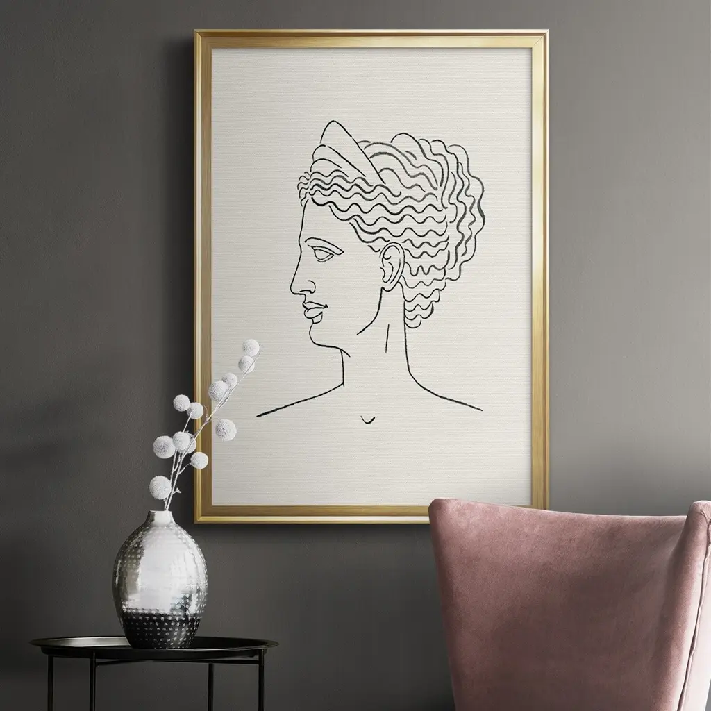Greek Busts III Premium Framed Print - Ready to Hang A Premium Framed Print created to last. Framed in distressed wood and available in an array of sizes and colors Featuring a beveled a solid wood stretcher bar, each piece comes ready to hand 4 SIZES AVAILABLE 30.5''X42.5'' - Overall Size 26.5'X36.5'' - Overall Size 22.5''x30.5'' - Overall Size 18.5''x24.5'' - Overall Size Each piece is made to order. Each piece comes with hanging hardware. Made in the USA Ready to Hang
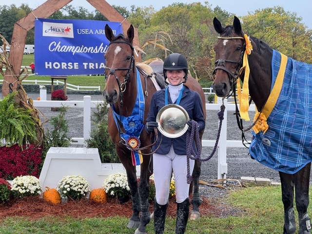 The USEA Area II Championships were a little extra special this year as the Maryland Horse Trials was also host to the Mandatory Outing for the 2023 Pan American Games team. Riders of all levels got to ride alongside U.S. team representatives, adding a little extra luster to this year’s event. This year, there were eight new champions crowned at the Preliminary, Modified, Training, Novice, and Beginner Novice levels in Area II. Get to know each of them a little better below.
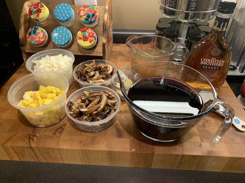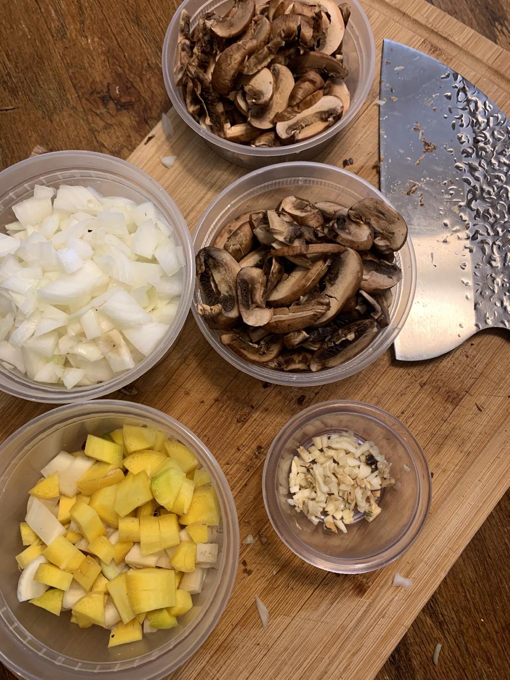 Step #2 Chop Onions, Carrots, Garlic and Mushrooms, ensuring to divide Mushrooms into two different containers.
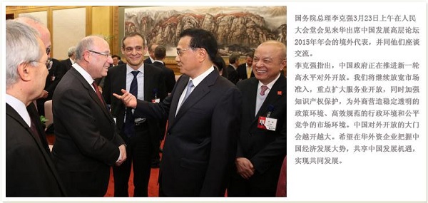 2015年3月,時(shí)隔一年,李克強(qiáng)總理再次會(huì)見(jiàn)來(lái)華出席中國(guó)發(fā)展高層論壇年會(huì)的境外代表。
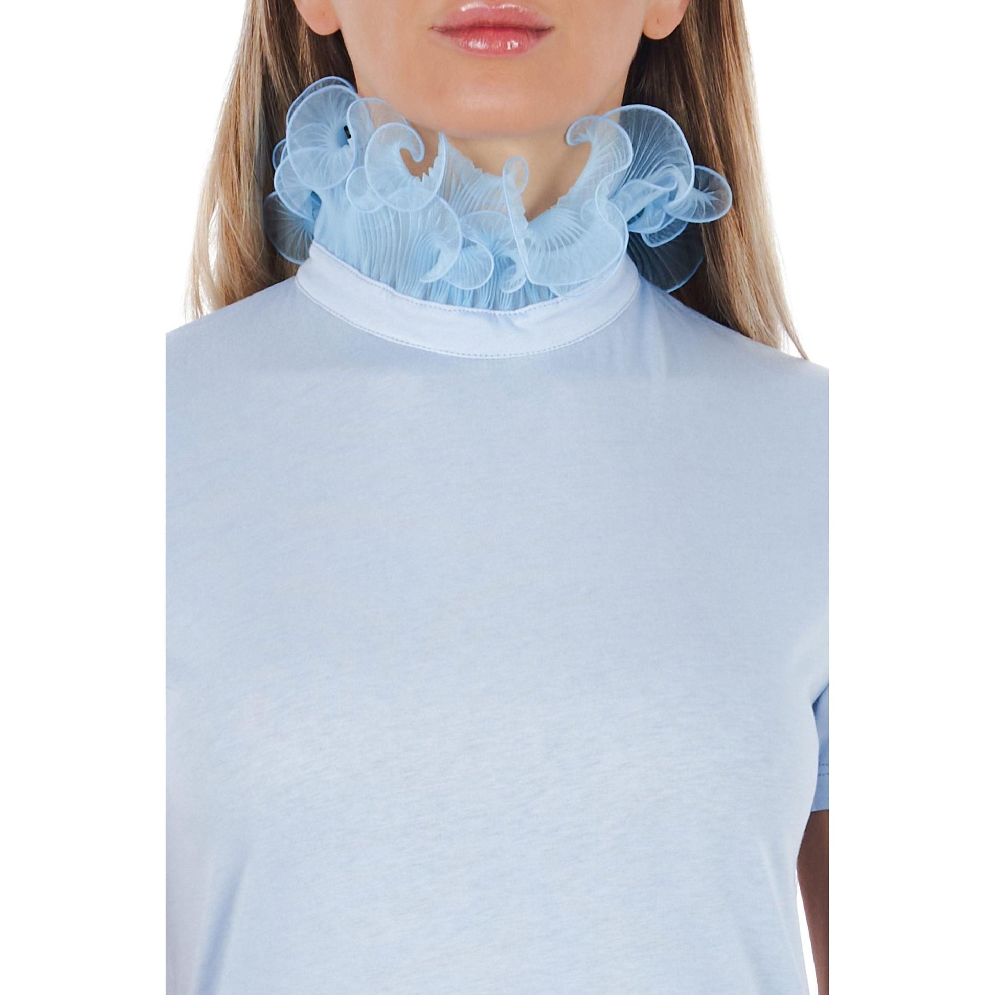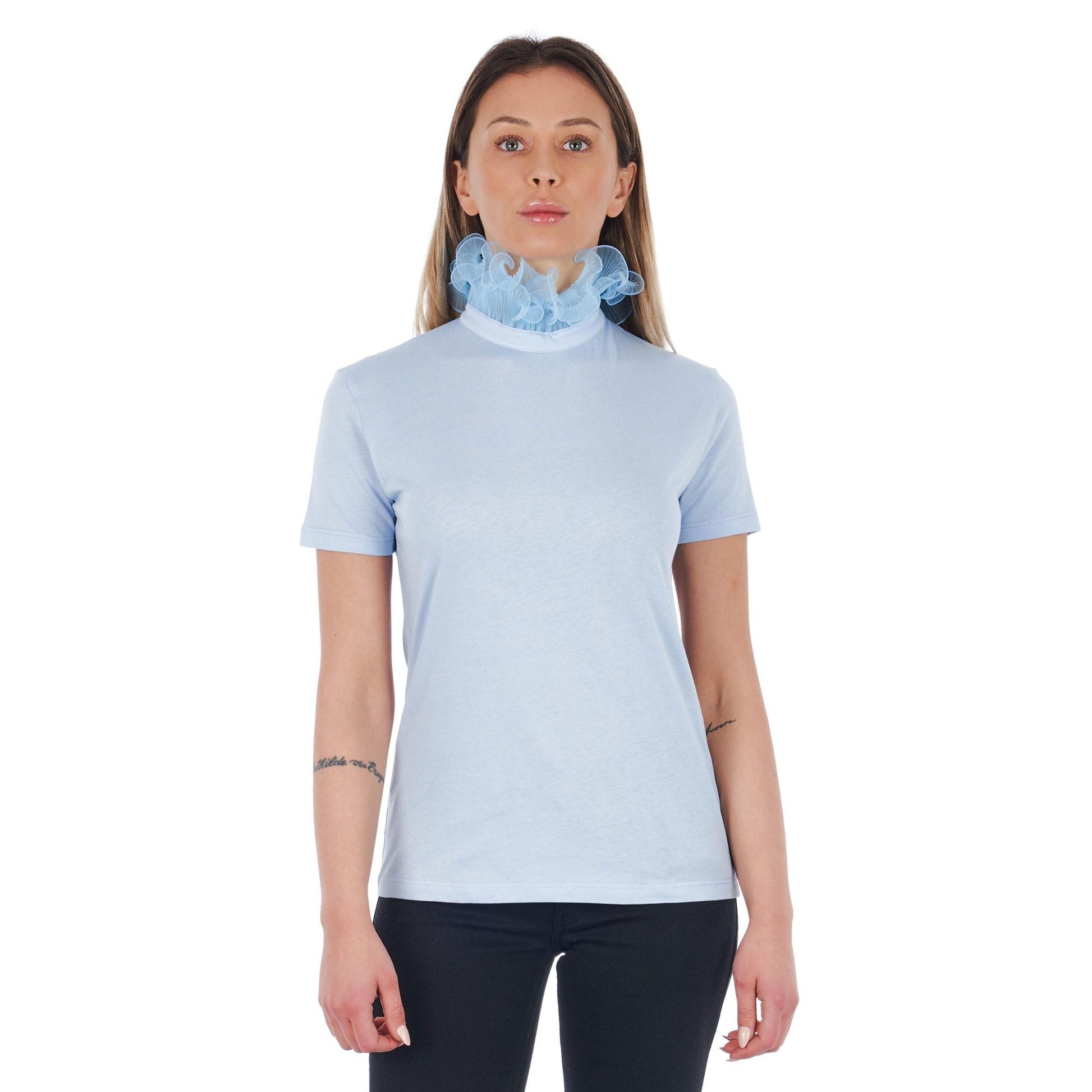 High Neck Short Sleeve T-shirt With Lace. Back With Print. Back Closure With Teardrop Opening.
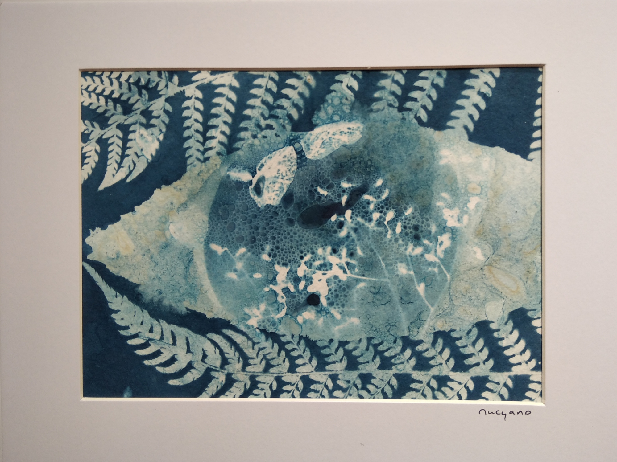 J'utilise un mélange de techniques, dont le procédé du cyanotype humide dans lequel l'exposition au soleil est faite alors que la solution est encore humide sur le papier. Des réactions imprévisibles des éléments utilisés, principalement des végétaux, créent des textures, des couleurs et des motifs spéciaux et uniques!
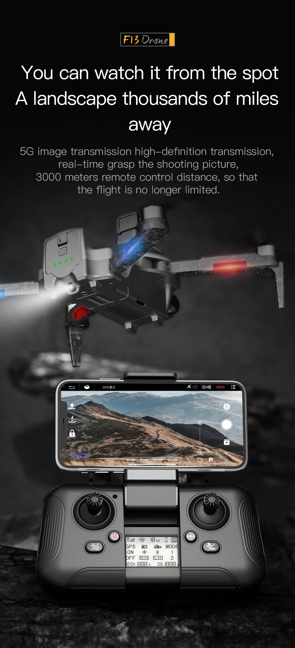 -① GPS smart follow: после того, как самолет подключен к GPS, Откройте функцию приложения follow, и самолет будет следовать за мобильный телефон.
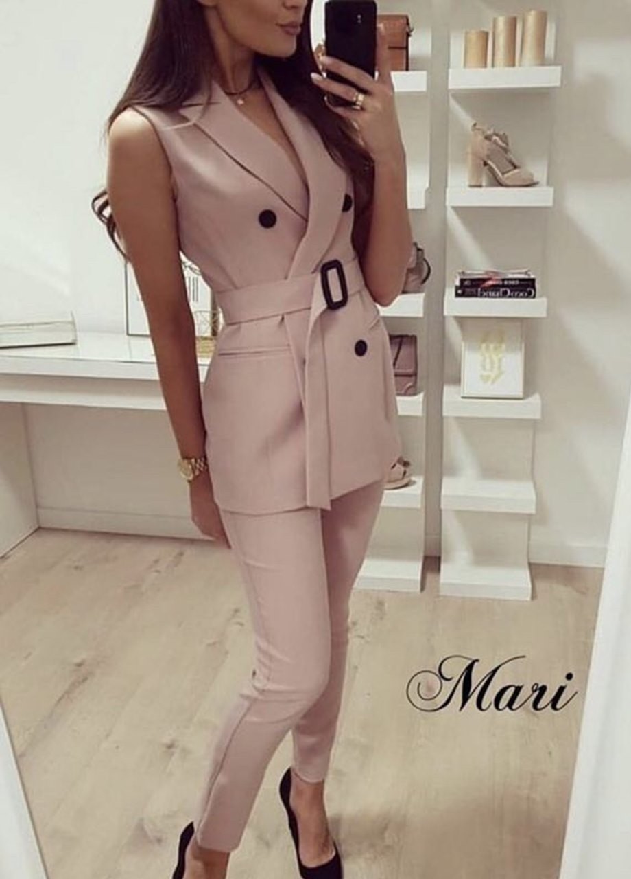 Горна част - сако: деколте: с ревери, колан с тока, ръкави: няма
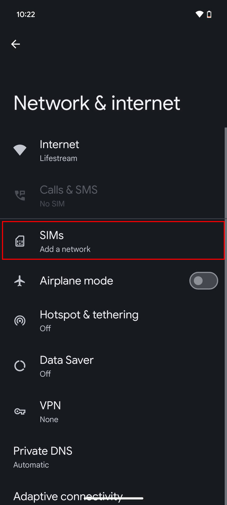 - Select SIMs.
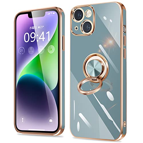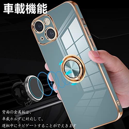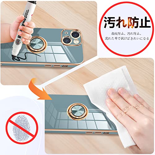 iPhone14 ケース リング付き アイフォン 14 カバー リング スマホカバー 耐衝撃 TPU 軽量 シリコン スタンド機能付き 360回転車載ホルダー 6.1インチ(グレーブルー)
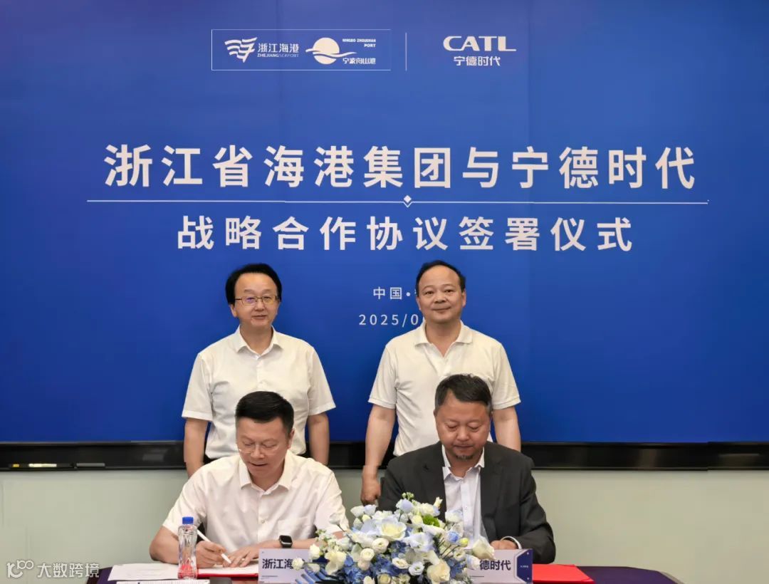 6月25日,浙江省海港集团与宁德时代在福建宁德签署战略合作协议。双方将共同探索并实践港口物流领域的“产业新能源化”发展路径,合力打造港口综合零碳解决方案。
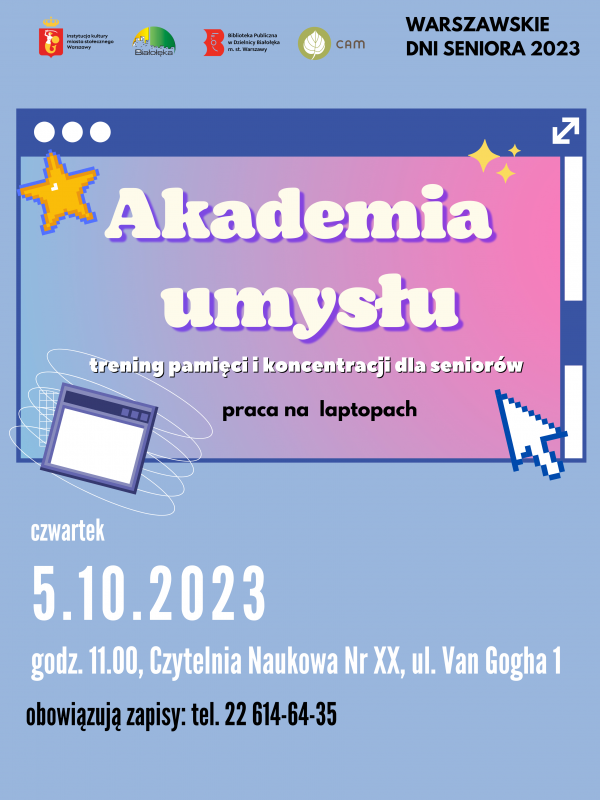Serdecznie zapraszamy seniorki i seniorów na przyjemne spędzenie czasu z komputerem. 5 października o godzinie 11.00 w Czytelni Naukowej Nr XX spotkamy się, aby ćwiczyć pamięć i koncentrację, a będziemy to robić za pomocą gier edukacyjnych!
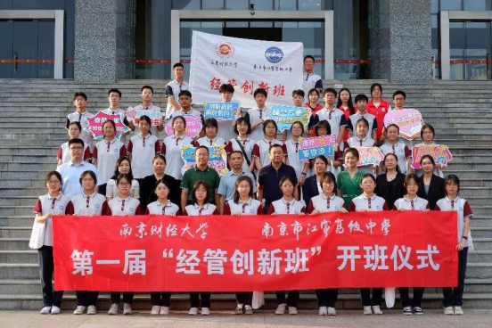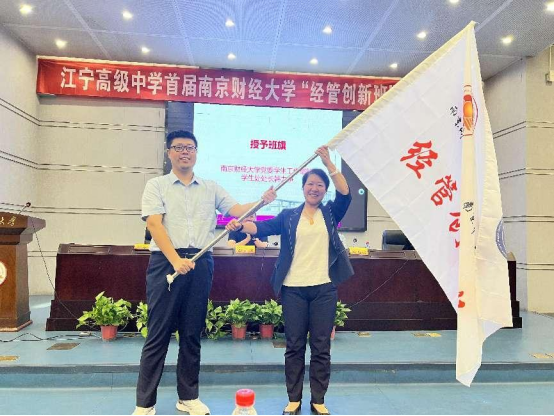 党委书记张杰、副书记尹海燕以及江宁高级中学首届“经管创新班”的38名学生参加仪式。
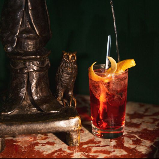 Diego Giacomettis fünfarmige Alabasterleuchten tauchen die Bar in Mondscheinlicht, und Werke von Joan Miró, Pablo Picasso oder Paul Klee beseelen den Raum. Kunst allüberall – traditionellerweise auch in den Cocktailgläsern.
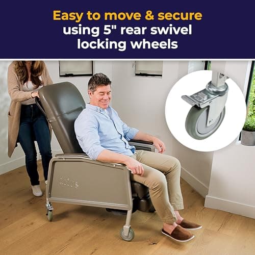 Lumex 3-Position Medical Recliner, Reclining Geri Chair with Wheels, Blue Ridge

■ ■ ■ ■ ■ ■ ■

What you need to do
Repeat the listing exactly; do not print any picture.

Response to this task
Greek Busts III Premium Framed Print - Ready to Hang A Premium Framed Print created to last. Framed in distressed wood and available in an array of sizes and colors Featuring a beveled a solid wood stretcher bar, each piece comes ready to hand 4 SIZES AVAILABLE 30.5''X42.5'' - Overall Size 26.5'X36.5'' - Overall Size 22.5''x30.5'' - Overall Size 18.5''x24.5'' - Overall Size Each piece is made to order. Each piece comes with hanging hardware. Made in the USA Ready to Hang
 The USEA Area II Championships were a little extra special this year as the Maryland Horse Trials was also host to the Mandatory Outing for the 2023 Pan American Games team. Riders of all levels got to ride alongside U.S. team representatives, adding a little extra luster to this year’s event. This year, there were eight new champions crowned at the Preliminary, Modified, Training, Novice, and Beginner Novice levels in Area II. Get to know each of them a little better below.
 Step #2 Chop Onions, Carrots, Garlic and Mushrooms, ensuring to divide Mushrooms into two different containers.
 2015年3月,時(shí)隔一年,李克強(qiáng)總理再次會(huì)見(jiàn)來(lái)華出席中國(guó)發(fā)展高層論壇年會(huì)的境外代表。
 High Neck Short Sleeve T-shirt With Lace. Back With Print. Back Closure With Teardrop Opening.
 J'utilise un mélange de techniques, dont le procédé du cyanotype humide dans lequel l'exposition au soleil est faite alors que la solution est encore humide sur le papier. Des réactions imprévisibles des éléments utilisés, principalement des végétaux, créent des textures, des couleurs et des motifs spéciaux et uniques!
 -① GPS smart follow: после того, как самолет подключен к GPS, Откройте функцию приложения follow, и самолет будет следовать за мобильный телефон.
 Горна част - сако: деколте: с ревери, колан с тока, ръкави: няма
 - Select SIMs.
 iPhone14 ケース リング付き アイフォン 14 カバー リング スマホカバー 耐衝撃 TPU 軽量 シリコン スタンド機能付き 360回転車載ホルダー 6.1インチ(グレーブルー)
 6月25日,浙江省海港集团与宁德时代在福建宁德签署战略合作协议。双方将共同探索并实践港口物流领域的“产业新能源化”发展路径,合力打造港口综合零碳解决方案。
Serdecznie zapraszamy seniorki i seniorów na przyjemne spędzenie czasu z komputerem. 5 października o godzinie 11.00 w Czytelni Naukowej Nr XX spotkamy się, aby ćwiczyć pamięć i koncentrację, a będziemy to robić za pomocą gier edukacyjnych!
 党委书记张杰、副书记尹海燕以及江宁高级中学首届“经管创新班”的38名学生参加仪式。
 Diego Giacomettis fünfarmige Alabasterleuchten tauchen die Bar in Mondscheinlicht, und Werke von Joan Miró, Pablo Picasso oder Paul Klee beseelen den Raum. Kunst allüberall – traditionellerweise auch in den Cocktailgläsern.
 Lumex 3-Position Medical Recliner, Reclining Geri Chair with Wheels, Blue Ridge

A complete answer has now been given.